Another of Uber’s problems, though not of its own doing, was that it offered a credit-card-based payment process even though such cards are not widely used. Many Chinese customers would prefer to pay using WeChat, but the mobile messaging and payment app shares an investor with Didi, meaning Uber was blocked from this avenue of growth.

Meanwhile, Didi proved a defter innovator than Uber and its other rivals expected. It used the advantage of its early presence in the market to launch its operating platform on a large scale, explains Jeffrey Towson of Peking University Guanghua. They also considered local concerns, beginning with taxi-hailing and not offering chauffeur-driven cars, steps which helped them win over bad-tempered taxi drivers and local legislators.

And the race between the two firms was an extremely expensive one. Within two years, Uber had lost $2 billion in China; though Didi is thought to have lost a lot more.
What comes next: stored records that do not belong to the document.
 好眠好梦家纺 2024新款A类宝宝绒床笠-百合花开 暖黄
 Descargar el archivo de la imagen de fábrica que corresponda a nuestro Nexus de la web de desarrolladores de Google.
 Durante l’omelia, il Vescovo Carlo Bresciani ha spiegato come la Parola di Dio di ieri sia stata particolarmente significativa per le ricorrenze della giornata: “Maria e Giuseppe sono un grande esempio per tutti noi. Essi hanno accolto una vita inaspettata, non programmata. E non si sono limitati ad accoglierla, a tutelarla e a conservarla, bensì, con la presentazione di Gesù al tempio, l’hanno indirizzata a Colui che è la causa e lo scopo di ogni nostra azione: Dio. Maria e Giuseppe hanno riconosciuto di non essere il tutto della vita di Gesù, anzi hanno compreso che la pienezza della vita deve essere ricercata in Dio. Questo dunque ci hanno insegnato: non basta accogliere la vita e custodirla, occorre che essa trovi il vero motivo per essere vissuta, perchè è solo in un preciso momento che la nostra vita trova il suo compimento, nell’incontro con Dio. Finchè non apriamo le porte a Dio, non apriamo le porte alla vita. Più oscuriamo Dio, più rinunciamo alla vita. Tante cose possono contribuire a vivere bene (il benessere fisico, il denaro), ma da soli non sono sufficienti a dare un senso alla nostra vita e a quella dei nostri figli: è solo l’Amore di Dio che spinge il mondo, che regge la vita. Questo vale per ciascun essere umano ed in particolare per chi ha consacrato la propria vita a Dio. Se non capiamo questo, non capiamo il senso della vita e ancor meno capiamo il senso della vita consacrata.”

An investor close to both companies claims that Uber China alone lost $250m in the past month.

To look deeper on why this happened, many Chinese start-up experts say Uber was not been beaten or chased away. Instead, it chose to leave for its own interest.
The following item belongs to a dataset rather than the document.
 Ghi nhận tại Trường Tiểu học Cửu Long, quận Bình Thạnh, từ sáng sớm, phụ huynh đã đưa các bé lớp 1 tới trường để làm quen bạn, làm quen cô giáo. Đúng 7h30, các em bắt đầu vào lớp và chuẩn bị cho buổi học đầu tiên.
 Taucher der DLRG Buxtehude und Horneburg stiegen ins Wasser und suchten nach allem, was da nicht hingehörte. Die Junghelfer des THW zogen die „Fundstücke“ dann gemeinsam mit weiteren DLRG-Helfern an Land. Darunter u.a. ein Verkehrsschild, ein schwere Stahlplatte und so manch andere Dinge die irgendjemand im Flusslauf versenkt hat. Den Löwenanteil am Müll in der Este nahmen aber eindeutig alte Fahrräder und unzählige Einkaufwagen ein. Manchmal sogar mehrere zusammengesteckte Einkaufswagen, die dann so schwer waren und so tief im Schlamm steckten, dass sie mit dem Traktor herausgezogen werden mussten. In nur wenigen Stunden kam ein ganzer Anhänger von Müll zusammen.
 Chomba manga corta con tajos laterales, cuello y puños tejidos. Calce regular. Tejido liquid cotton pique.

For normal residents, there is little difference between the services provided by Uber and Didi and price is the significant factor. As a former Beijinger, every time I needed to call a taxi, I would check the price of the two apps and choose the inexpensive one. Apparently I was not alone. This meant the two businesses were constantly involved in a bitter price war.

Going public

Another vital aspect in the post-mortem of Uber China is that both companies were eager to go public. Didi will do so by 2018 with more than six large-scale financing offers. Uber had a similar plan. However, as long as both companies were making losses they would struggle to meet the requirements of the Stock Exchange. It made sense to cease fire.

“The biggest existential risk to Uber over the past two months was that in China they were losing money in a way that possibly put the rest of their worldwide operations at risk,” said, an economics professor at New York University. “In the short term it may be seen as a loss, but in the imminent years it’s definitely a good move. Now they can put their efforts on the rest of the world,” he adds.

With their journey in China over, Uber can now look to other countries where it is competing for market share. However, Didi is backing a new round of funding in the Southeast Asian ride-sharing service Grab, putting even more pressure on its ride-sharing rival.

This cash injection could exceed $600 million and push the total amount of funds available to Grab past $1 billion. Meanwhile, Grab is looking to raise a separate $400 million in their own funding rounds in the weeks to come.

This development suggests the development of an,“anti-Uber alliance”, where the largest non-Uber ride-hailing companies across the globe collaborate to push the multinational out of their local market. As Liu Qing, the president of Didi says “you could not make friends by negotiation, you could only make friends by fighting.” Didi’s investment in Grab shows it will continue to clash with Uber in Southeast Asia, and possibly beyond.